____ Supplied information
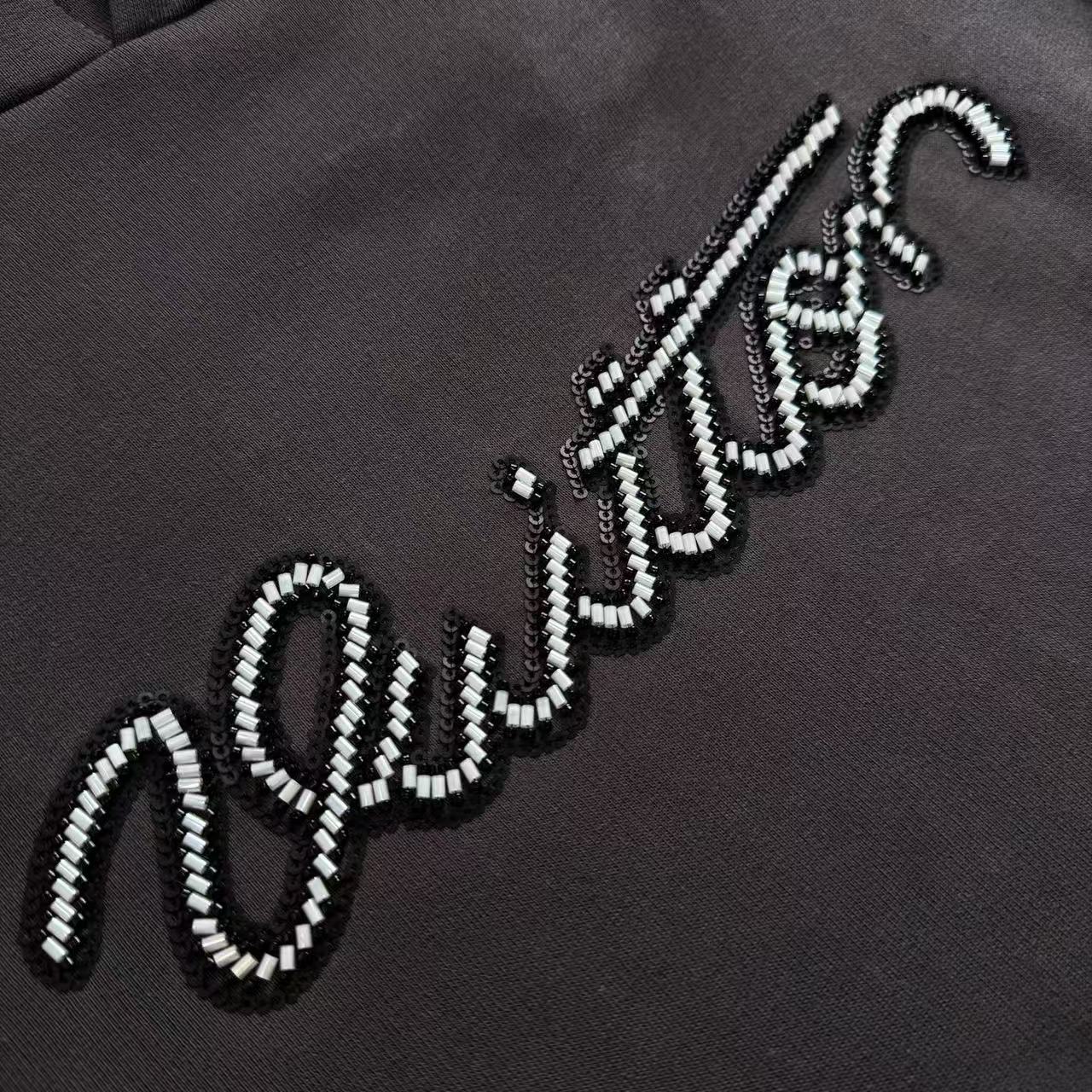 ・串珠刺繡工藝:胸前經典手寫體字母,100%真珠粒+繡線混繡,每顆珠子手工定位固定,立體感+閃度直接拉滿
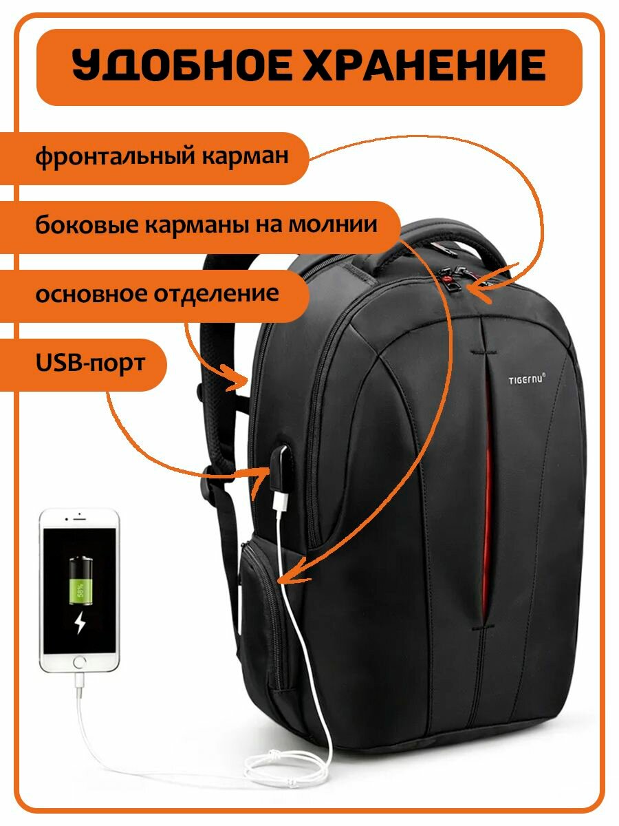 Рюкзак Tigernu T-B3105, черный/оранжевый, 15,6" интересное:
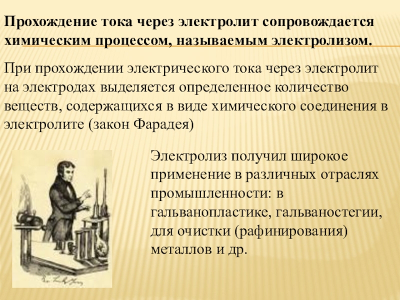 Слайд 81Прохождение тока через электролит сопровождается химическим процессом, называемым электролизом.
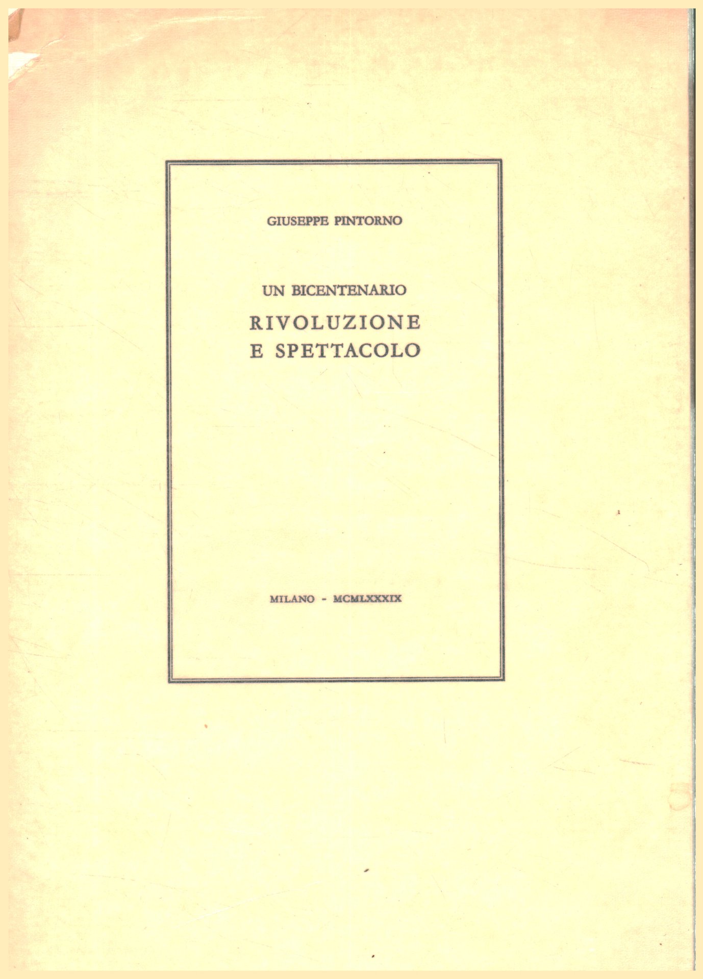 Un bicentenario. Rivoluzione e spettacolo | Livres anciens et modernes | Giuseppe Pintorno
________
### Task to complete
Line for line, restate the data above and omit every picture.

### Response box
 ・串珠刺繡工藝:胸前經典手寫體字母,100%真珠粒+繡線混繡,每顆珠子手工定位固定,立體感+閃度直接拉滿
 Рюкзак Tigernu T-B3105, черный/оранжевый, 15,6" интересное:
 Слайд 81Прохождение тока через электролит сопровождается химическим процессом, называемым электролизом.
 Un bicentenario. Rivoluzione e spettacolo | Livres anciens et modernes | Giuseppe Pintorno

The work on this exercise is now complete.